WHAT THE TASK ASKS — Copy every line that holds the string "Leather" from the data below.

GIVEN RECORDS —
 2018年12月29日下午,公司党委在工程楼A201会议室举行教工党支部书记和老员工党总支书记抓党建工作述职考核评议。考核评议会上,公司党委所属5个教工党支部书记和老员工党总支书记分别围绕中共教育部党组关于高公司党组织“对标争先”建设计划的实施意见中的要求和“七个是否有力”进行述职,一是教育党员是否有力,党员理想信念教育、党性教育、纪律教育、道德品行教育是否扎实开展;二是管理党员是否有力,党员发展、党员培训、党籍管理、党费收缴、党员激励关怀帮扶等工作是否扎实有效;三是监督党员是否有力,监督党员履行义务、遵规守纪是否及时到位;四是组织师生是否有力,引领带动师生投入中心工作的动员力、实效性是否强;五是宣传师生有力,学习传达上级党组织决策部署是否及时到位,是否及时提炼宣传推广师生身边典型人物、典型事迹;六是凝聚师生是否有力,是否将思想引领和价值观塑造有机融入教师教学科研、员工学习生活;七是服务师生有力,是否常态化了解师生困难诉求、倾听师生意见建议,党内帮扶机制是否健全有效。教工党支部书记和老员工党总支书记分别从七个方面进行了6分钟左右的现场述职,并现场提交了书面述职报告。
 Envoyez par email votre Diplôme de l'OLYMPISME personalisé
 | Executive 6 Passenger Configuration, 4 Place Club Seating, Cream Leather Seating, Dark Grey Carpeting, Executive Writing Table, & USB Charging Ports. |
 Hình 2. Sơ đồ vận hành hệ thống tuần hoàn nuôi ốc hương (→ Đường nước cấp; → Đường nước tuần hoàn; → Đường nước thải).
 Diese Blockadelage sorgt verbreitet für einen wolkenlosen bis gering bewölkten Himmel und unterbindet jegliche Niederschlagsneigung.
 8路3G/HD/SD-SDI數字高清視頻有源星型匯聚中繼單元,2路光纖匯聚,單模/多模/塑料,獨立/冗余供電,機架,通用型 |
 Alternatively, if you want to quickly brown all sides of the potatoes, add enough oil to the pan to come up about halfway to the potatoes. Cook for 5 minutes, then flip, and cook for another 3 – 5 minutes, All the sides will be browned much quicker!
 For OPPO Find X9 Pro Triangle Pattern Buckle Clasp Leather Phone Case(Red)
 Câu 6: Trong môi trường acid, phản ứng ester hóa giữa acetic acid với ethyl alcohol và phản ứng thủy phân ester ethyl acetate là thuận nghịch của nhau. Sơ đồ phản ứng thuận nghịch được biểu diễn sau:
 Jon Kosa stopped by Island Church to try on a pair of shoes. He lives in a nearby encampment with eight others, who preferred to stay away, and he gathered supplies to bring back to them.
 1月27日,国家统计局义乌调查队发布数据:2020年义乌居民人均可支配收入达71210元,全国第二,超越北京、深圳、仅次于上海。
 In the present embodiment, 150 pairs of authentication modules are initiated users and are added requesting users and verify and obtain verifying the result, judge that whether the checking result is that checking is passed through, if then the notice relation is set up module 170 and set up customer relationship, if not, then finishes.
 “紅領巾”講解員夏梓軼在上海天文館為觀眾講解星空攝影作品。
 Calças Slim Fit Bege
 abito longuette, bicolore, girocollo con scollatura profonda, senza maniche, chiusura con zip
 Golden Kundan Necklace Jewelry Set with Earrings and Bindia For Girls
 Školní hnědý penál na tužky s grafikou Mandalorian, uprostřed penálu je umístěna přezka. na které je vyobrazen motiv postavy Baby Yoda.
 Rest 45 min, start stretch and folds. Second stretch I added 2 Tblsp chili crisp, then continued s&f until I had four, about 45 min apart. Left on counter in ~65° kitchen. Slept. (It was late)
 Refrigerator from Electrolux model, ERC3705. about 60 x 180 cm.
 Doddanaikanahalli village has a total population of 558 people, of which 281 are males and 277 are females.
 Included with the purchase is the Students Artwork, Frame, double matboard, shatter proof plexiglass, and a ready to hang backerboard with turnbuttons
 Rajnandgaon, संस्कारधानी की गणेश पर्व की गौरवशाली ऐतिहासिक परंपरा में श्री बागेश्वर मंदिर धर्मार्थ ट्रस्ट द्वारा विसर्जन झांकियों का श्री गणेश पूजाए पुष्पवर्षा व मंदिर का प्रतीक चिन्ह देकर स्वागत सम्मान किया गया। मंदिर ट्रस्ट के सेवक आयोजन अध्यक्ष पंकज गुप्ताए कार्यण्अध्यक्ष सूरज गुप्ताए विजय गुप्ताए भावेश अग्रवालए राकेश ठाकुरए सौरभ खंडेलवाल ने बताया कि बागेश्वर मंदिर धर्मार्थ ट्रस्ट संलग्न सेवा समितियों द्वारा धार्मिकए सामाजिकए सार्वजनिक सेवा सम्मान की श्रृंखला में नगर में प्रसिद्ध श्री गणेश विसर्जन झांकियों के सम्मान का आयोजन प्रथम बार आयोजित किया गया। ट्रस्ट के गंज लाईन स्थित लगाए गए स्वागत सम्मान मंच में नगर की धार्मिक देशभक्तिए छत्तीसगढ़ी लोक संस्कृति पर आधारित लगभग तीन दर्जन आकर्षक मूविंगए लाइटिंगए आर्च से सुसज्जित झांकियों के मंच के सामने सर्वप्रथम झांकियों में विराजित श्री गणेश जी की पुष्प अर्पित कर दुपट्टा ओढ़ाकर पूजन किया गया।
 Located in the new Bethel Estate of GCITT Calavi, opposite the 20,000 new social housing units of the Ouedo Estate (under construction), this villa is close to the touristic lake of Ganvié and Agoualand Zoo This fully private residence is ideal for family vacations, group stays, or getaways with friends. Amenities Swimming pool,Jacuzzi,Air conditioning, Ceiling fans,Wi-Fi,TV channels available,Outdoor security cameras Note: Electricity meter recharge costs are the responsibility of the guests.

OUTPUT OF THE EXERCISE —
 | Executive 6 Passenger Configuration, 4 Place Club Seating, Cream Leather Seating, Dark Grey Carpeting, Executive Writing Table, & USB Charging Ports. |
 For OPPO Find X9 Pro Triangle Pattern Buckle Clasp Leather Phone Case(Red)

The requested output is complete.